Interview-P.03
これからの研究目標
これからの研究目標 ・これからどのような研究を発展させていかれようとしていますか?
産官学連携によって進められている、いろいろなナノテクノロジー支援プロジェクト、独立行政法人科学技術振興機構(JST)の創造科学技術推進事業などに参加し、文部科学省の基礎研究、基礎からの中間的応用研究まで幅広く研究をしたいと思います。

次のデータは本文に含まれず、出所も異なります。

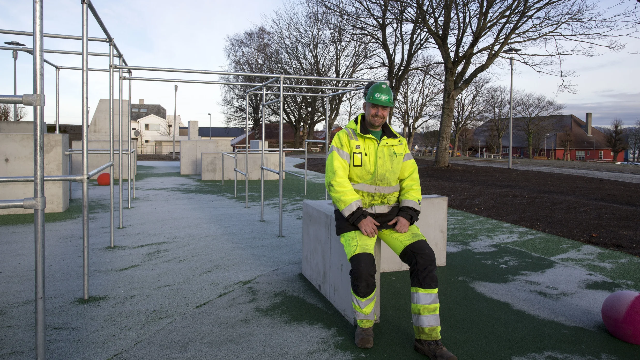 Dette har vært en grei jobb. Det eneste vi måtte passe på var høyspentkabler i bakken og at det er en vernet bunker på området. Jeg liker slike prosjekter der vi får gjøre hele jobben fra grunnen av. Vi har vært 2-4 personer i 8-9 uker på dette, og den skal være helt klar utpå våren.

金属ガラスに将来性があるということから世界的競合も始まっていると思いますが。
1988年から1993年までの5年間は、この種の研究はどこもやっていなくて、我々にとっては佳き時代でしたが、反対に不安でもありました。我々は注目されるべき成果と思っていたのに、全然反応がなかったのです。本当は我々の論文は外国で全部追試されていたというのは後で分かったのですが、アメリカでは我々の論文の追試だけで研究者がワシントンに行って予算をもらって本分野の研究をスタートさせていたことも後で分かりました。その間の5年間は我々のグループ以外、世界のどこからも論文が出ませんでしたね。
1993年にアメリカのグループが違う材料を出しましたが、今はアメリカ、韓国、EU、東欧、中国等で金属ガラスの研究はものすごく盛んですね。
東北大学でパテント(特許)をとった部分も相当あると思いますが。
大部分の特許は企業と共願あるいは独立行政法人科学技術振興機構を通して取得しています。一番最初の応用製品はゴルフクラブのフェース材料です。大きな反発性がありますから飛距離を伸ばすことができました。テニスのラケットのフレームやいろいろな磁性材料など、多様な用途があります。強度があり、たわみやすいですから圧力センサー的なもの、またすごく薄いチューブなんかを作ると、感度のよい液体や気体の質量流量計に使えますので、用途は多様です。